From the records below, print only the part that opens with the line containing "红色豹纹樱桃蛋糕发夹鸭嘴夹跨年新年氛围感拍照发饰发卡头饰发饰" and closes with the line containing "[豚汁をはじめ、万年寿司、赤"; omit the pictures.

→ **INFORMATION SHOWN**:
____________________

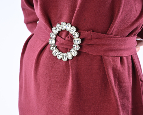 Abito in maglia con collo a lupetto e cintura inclusa
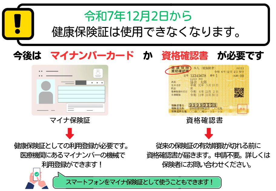 現在テレビCMも流されていますが、いよいよ12月1日で従来の保険証は使えなくなります。12月2日以降のご利用についてお知らせします。
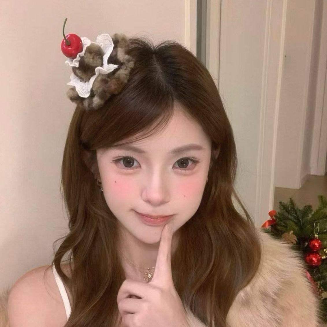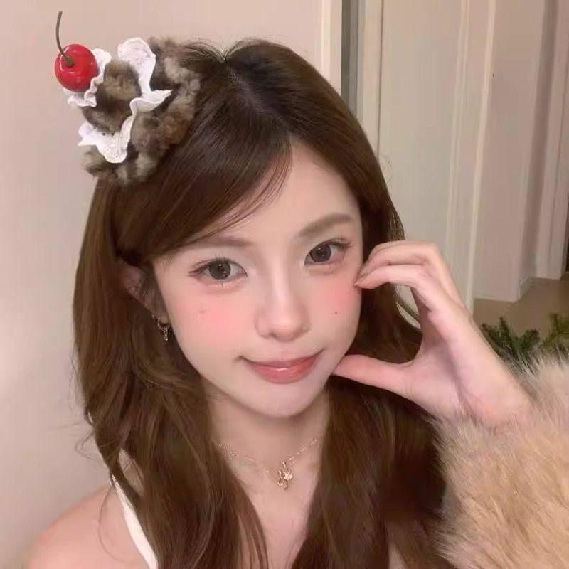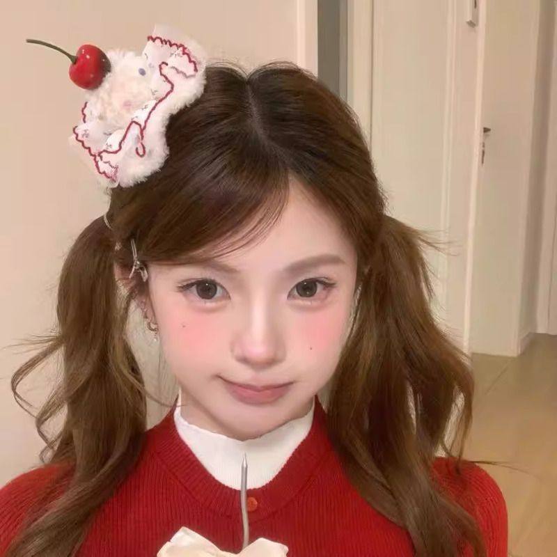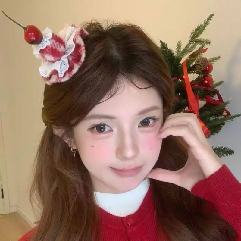 红色豹纹樱桃蛋糕发夹鸭嘴夹跨年新年氛围感拍照发饰发卡头饰发饰
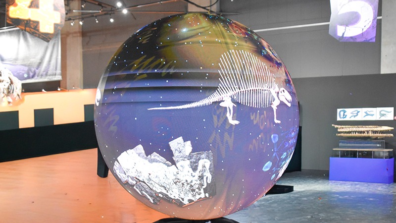エリアを移動するたびに目を引くのが、会場中央に鎮座する球体スクリーン「大絶滅スフィア」。地球の生態系が長い歴史の中でどのように移り変わったのか、迫力満点の映像で紹介されています。
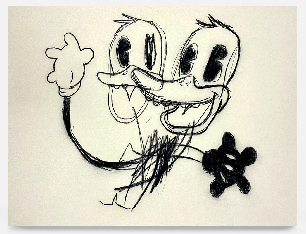 For his first solo exhibition in Paris, British artist George Morton-Clark unveils a series of new works. They show the artist’s favourite characters, as well as his unmistakeable style: Donald Duck, Mickey Mouse, and Bart Simpson seem to be drafts, but a closer study reveals careful work on the lines, movement and the dissolution of the character. Visitors will also be able to admire a selection of sculptures showing the artist’s exploration of a new medium.
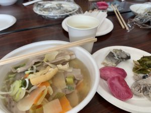 [豚汁をはじめ、万年寿司、赤カブ漬け、すんき、王滝なますといった王滝ならではの食を楽しみました。]
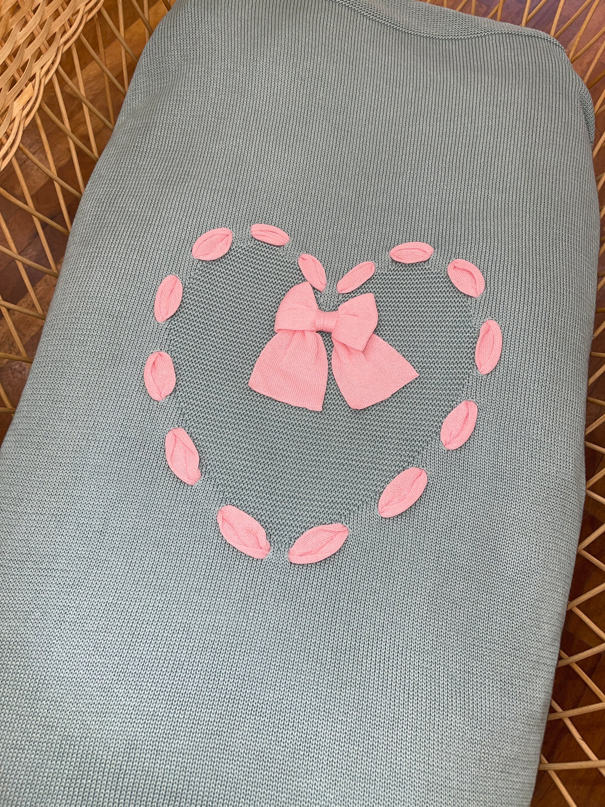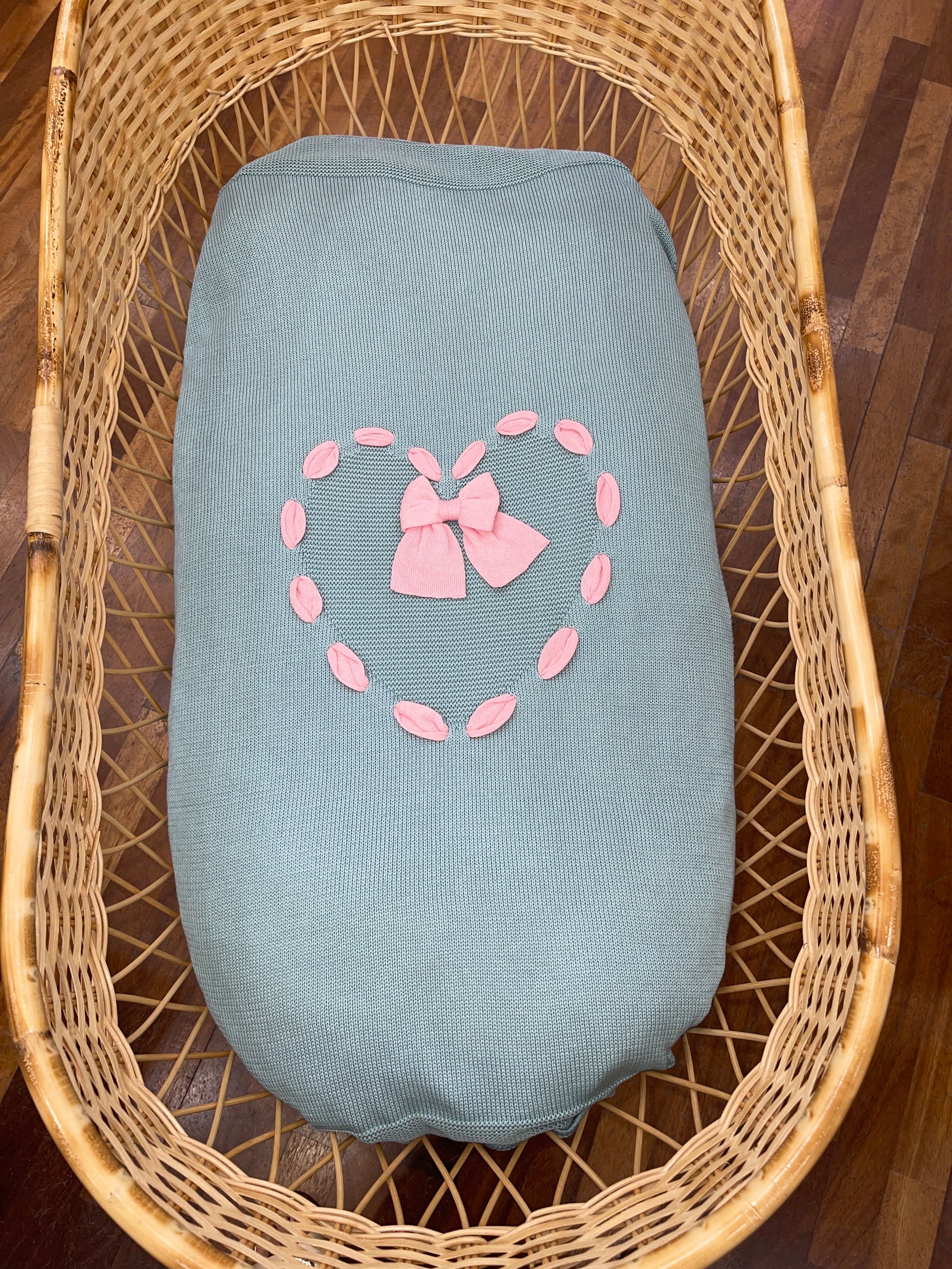 Questa coperta baby lord è un'adorabile scelta per il tuo bimbo. Realizzata in morbido materiale verde, ha un passa nastro a forma di cuore rosa e un grazioso fiocco centrale. Perfetta per un regalo o per avvolgere il tuo piccolo tenero durante il sonno.
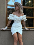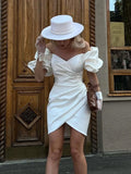 A Little Wedding Dresses V-Neck Off-The-Shoulder Short Bride Dress Satin Lace Up Simple Dresses For Women 2025 Robe De Mariee
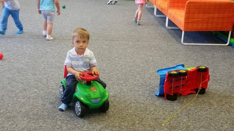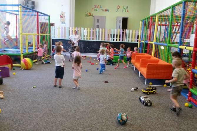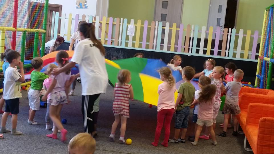 Na miejscu przywitała nas pani animator, która poinformowała dzieci o umowach i zasadach jakie panują podczas pobytu w sali zabaw. Następnie przedszkolaki udały się do szatni gdzie po zdjęciu wierzchniej odzieży i obuwia ruszyły do zabawek i atrakcji, które na nie czekały. Niezwykłą frajdą okazała się ogromna konstrukcja składająca się z labiryntu rur, przejść, zjeżdżalni i basenów z piłeczkami. Dzieciaki z wielką chęcią znajdowały sobie zajęcie korzystając także z mini pojazdów, kącików tematycznych i trampolin. Atrakcją były również zajęcia z paniami animatorkami: zabawy z chustą animacyjną, tańce oraz nauka skręcania balonów. Każdy, kto poczuł zmęczenie, mógł skorzystać z zacisznego kącika malucha, w którym można było odpocząć i nabrać sił przy wspólnym stole z owocami i soczkami.
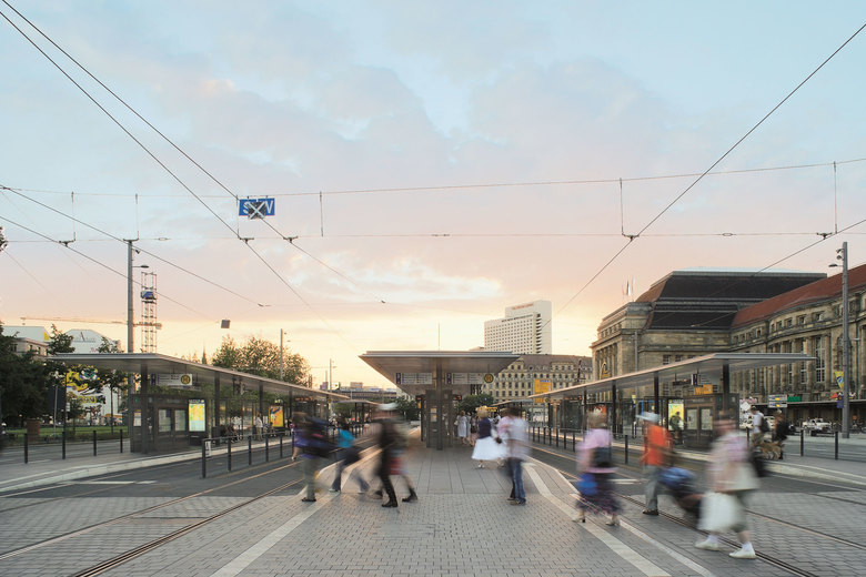 Wie in vielen deutschen Großstädten werden auch in Leipzig der Platz und die Straße gleich vor dem Hauptbahnhof von einer großen Haltestelle für Straßenbahnen und Omnibusse dominiert. An diesem Verkehrsknoten gibt es pro Werktag fast 3000 Ankünfte und Abfahrten; an diesem Verkehrsknoten steigen pro Werktag etwa 70000 Menschen ein und aus.

____________________

→ **RESULT**:
 红色豹纹樱桃蛋糕发夹鸭嘴夹跨年新年氛围感拍照发饰发卡头饰发饰
エリアを移動するたびに目を引くのが、会場中央に鎮座する球体スクリーン「大絶滅スフィア」。地球の生態系が長い歴史の中でどのように移り変わったのか、迫力満点の映像で紹介されています。
 For his first solo exhibition in Paris, British artist George Morton-Clark unveils a series of new works. They show the artist’s favourite characters, as well as his unmistakeable style: Donald Duck, Mickey Mouse, and Bart Simpson seem to be drafts, but a closer study reveals careful work on the lines, movement and the dissolution of the character. Visitors will also be able to admire a selection of sculptures showing the artist’s exploration of a new medium.
 [豚汁をはじめ、万年寿司、赤カブ漬け、すんき、王滝なますといった王滝ならではの食を楽しみました。]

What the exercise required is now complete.